No, \sigma \in \{ 1,2,3 \} with x^1=r, x^2=\theta and x^3=\phi...so the Christoffel symbols should be labeled \Gamma^1{}_{23} etc... But, by convention they are often labeled \Gamma^r_{\theta\phi} etc...it's sloppy notation to do this, but nevertheless, convention is convention.

 

[gabbagabbahey]

\Gamma^2{}_{12}=r^3
\Gamma^2{}_{21}=r^3
\Gamma^2{}_{33}=-\frac{1}{2}r^4 \sin{2 \theta}

You seem to be missing a factor of 1/r^4

\Gamma^3{}_{13}=r^3 \sin^4{\theta}
\Gamma^3{}_{23}=r^4 \sin^3{\theta} \cos{\theta}
\Gamma^3{}_{31}=r^3 \sin^4{\theta}
\Gamma^3{}_{32}=r^4 \sin^3{\theta} \cos{\theta}

And for these you are missing a factor of 1/(r^4\sin^4\theta)
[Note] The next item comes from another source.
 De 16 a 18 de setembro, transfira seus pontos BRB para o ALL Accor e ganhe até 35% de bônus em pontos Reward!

i'm not sure if there's a pattern i was supposed to spot so i could save myself some time in working out the copmonents or what?
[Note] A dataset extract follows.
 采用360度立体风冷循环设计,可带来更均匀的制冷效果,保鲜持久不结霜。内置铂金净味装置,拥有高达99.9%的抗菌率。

You could save a little time by remembering that the Christoffel symbols are symmetric in the bottom pair of indices...so you only have to calculate 18 of them.

anyway, when it asks for the components of the Christoffel symbol, do i just leave it as a list of the non zero ones like i have done above or am i missing how to write the whole thing neatly as a matrix or something?
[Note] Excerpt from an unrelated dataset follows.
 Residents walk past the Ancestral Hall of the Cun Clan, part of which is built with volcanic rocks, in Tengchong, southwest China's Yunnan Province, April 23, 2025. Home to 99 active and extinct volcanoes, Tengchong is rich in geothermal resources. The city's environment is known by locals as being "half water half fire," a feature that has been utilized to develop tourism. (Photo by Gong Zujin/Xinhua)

You can't really write them as a single matrix, but they are often written as a set of 3 matrices in the form:

\Gamma^r=\begin{pmatrix}0 &amp; 0 &amp; 0 \\ 0 &amp; -r &amp; 0 \\ 0 &amp; 0 &amp; -r\sin^2\theta\end{pmatrix}

\Gamma^\theta=\begin{pmatrix}0 &amp; \frac{1}{r} &amp; 0 \\ \frac{1}{r} &amp; 0 &amp; 0 \\ 0 &amp; 0 &amp; -\sin\theta\cos\theta\end{pmatrix}

\Gamma^\phi=\begin{pmatrix}0 &amp; 0 &amp; \frac{1}{r} \\ 0 &amp; 0 &amp; \cot\theta \\ \frac{1}{r} &amp; \cot\theta &amp; 0\end{pmatrix}

Again, this is somewhat sloppy notation, but is still fairly common in the literature.

 

[latentcorpse]

are they ok then?

 

[gabbagabbahey]

See my edited post above^^^

 

[latentcorpse]

i don't see how I am missing those factors. take for example

\Gamma^2{}_{12}=\frac{1}{2} g^{22} \left( \frac{\partial g_{22}}{\partial r} + \frac{\partial g_{12}}{\partial \theta} - \frac{\partial g_{12}}{\partial \theta} \right) = \frac{1}{2} r^2 \frac{\partial}{\partial r} \left(r^2 \right) = r^3

i can't see where I'm missing this factor?

 

[gabbagabbahey]

You seem to have used g^{ab}=g_{ab} instead of using the inverse matrix you calculated...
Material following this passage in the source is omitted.